MAs and blood vessels were selected by using local thresholding technique in green channel. Artefacts due to image background were identified by contrast, variance and standard deviation information; blood vessels were segmented by wavelet transform technique. Removal of background and blood vessels from the fundus images left initial MA candidates. Based on shape parameters (eccentricity, aspect ratio and circulatory) and calculated features (energy, standard deviation and variance), the candidates were filtered using Curvelet coefficients. To further reduce false positives, color features like intensity in HSV channels and standard deviation and variance in HSV and RGB channels were used.


Validation was performed using publically available ‘Retinopathy Online Challenge (ROC)’ dataset. The dataset consists of 50 training images with ground truth and 50 test images. Out of those 50 training images, 37 images contain MAs (336 MAs in total). The proposed algorithm was evaluated with all those 37 images. Our method detected 125 MAs thus achieving 37.2 % sensitivity with 74.89 false positives per image (FPPI). The experiment result was compared with published results (refer to Table 1). Adal achieved better sensitivity and specificity by using a total of 64-SURF descriptors, three features from Radon space and two image patch features, in contrast to our 19 features (6 color features, 5 shape parameters and 8 statistical features). Lazar constructed peak map and extracted MA candidates using hysteresis thresholding. Regions of interest (ROIs) were manually selected. Our approach is however fully-automated.

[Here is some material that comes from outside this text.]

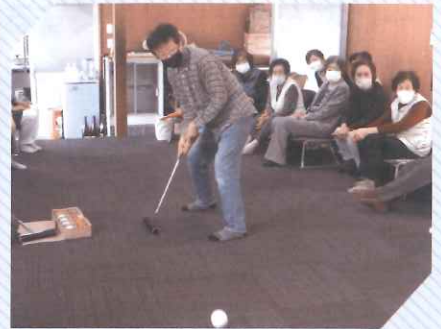
ふれあいいきいきサロン ～庭田サロン レクリエーション～

本会は、『つながりの輪で だれもが笑顔あふれるまち かいづ』を基本理念に、住民参加による地域福祉活動を推進する中核的な団体として活動しています。

A MA detection system based on local thresholding and Curvelet transform has been proposed. The system performance was evaluated with other existing techniques. Compared with the state-of-the-arts, it uses significantly less feature size (hence faster computation) and is fully automated while achieving comparable results.  

Table 1. Comparison of different published methods.
Table 1. Comparison of different published methods.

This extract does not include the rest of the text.